You are designing a system for a real-time application in which specific deadlines must be met. Finishing the computation faster gains nothing. You find that your system can execute the necessary code, in the worst case, twice as fast as necessary. How much energy do you save if you execute at the current speed and turn off the system when the computation is complete and how much energy do you save if you set the voltage and frequency to be half as much?

Answer / Explanation:

To proper understand the answers that is given to the question, we need to understand some basic terms that has been used in the question.

Energy: This can be refereed to as the quantitative property that is transferred to an object for the purpose of the object working or to heat up the object. It can also be referred to as conserved quantity that is energy can be converted from one form or state to another but cannot destroyed.

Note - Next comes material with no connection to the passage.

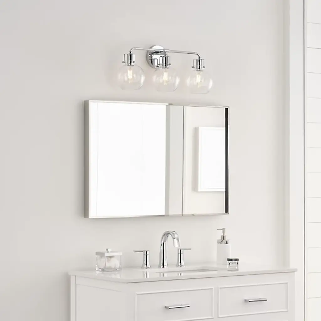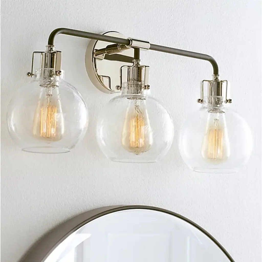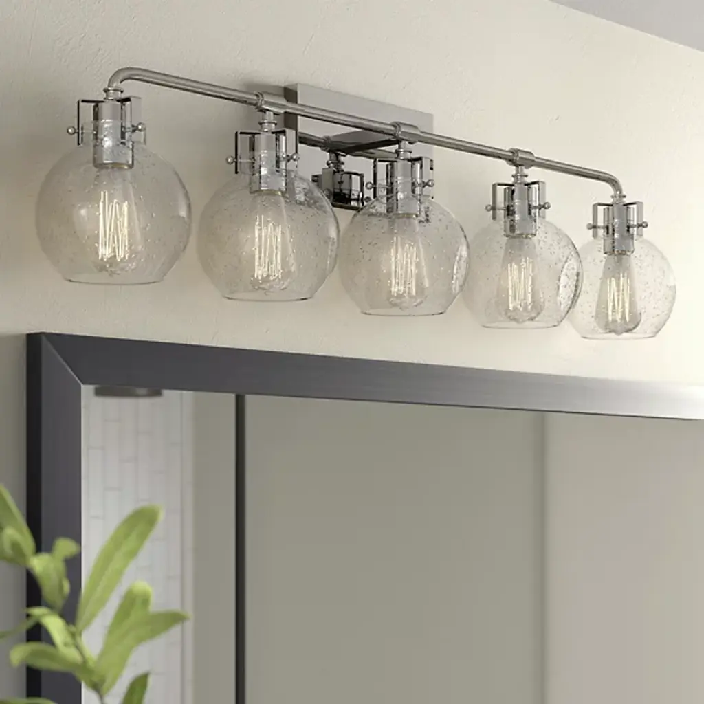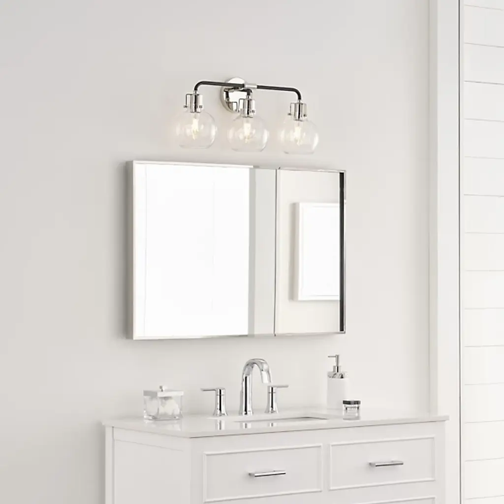 A clear choice for bringing both grit and glamour to your bathroom setting. The Clara Vanity Light by Visual Comfort Studio, formerly known as Sean Lavin, is both rugged and upscale, due to a mixture of aesthetic elements that will please you no matter your artistic inclination. Multiple Clear Seeded Glass shades are suspended form a multi-pronged stem, providing both transparency and a subtly rough texture. In contrast with the Glass shades, the Steel stem is monochromatic and metallic, bringing grit and luster to the aesthetic.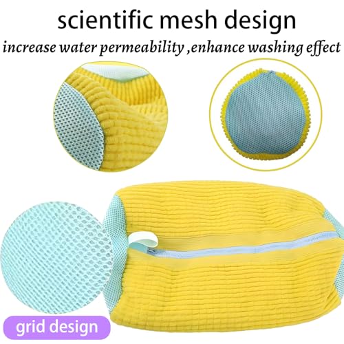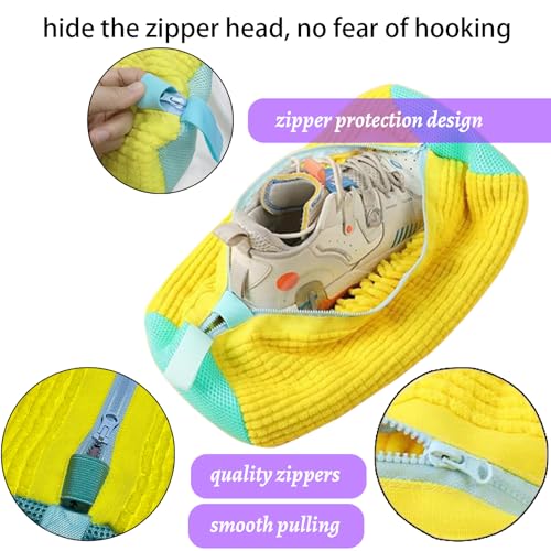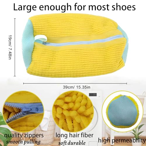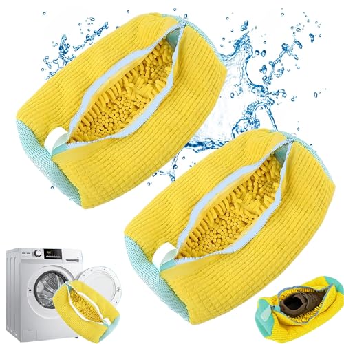 Hynhsun - كيس غسيل أحذية للغسالة، كيس غسيل أحذية قابل لإعادة الاستخدام لجميع أنواع الأحذية وأحجامها، كيس غسيل أحذية قابلة للتعديل، كيس غسيل أحذية رياضية بزاوية 360 درجة من هاينسون، لون أصفر، عبوة من قطعتين

Power: This can be defined as the rate of doing work or transferring heat per unit time from one state to another. The SI Units of power is watt which is equal to one joule per second.

Hence, the formula that links energy and power is:

Energy = Power x Time

Now. referring back to the question (a) asking how much energy do we save if we execute at the current speed and turn off the system when the computation is complete: The answer is = 50%. That is 50% of the energy is saved.

(b) If we recall the formula for calculating energy,

we have:

Energy = 1 / 2 Load x V²

Changing the frequency does not affect the energy. However, it affects the power.

So therefore, the new energy is 1 / 2 Load x (1/2 V) ²,

reducing it to about 1 / 4 of the old energy.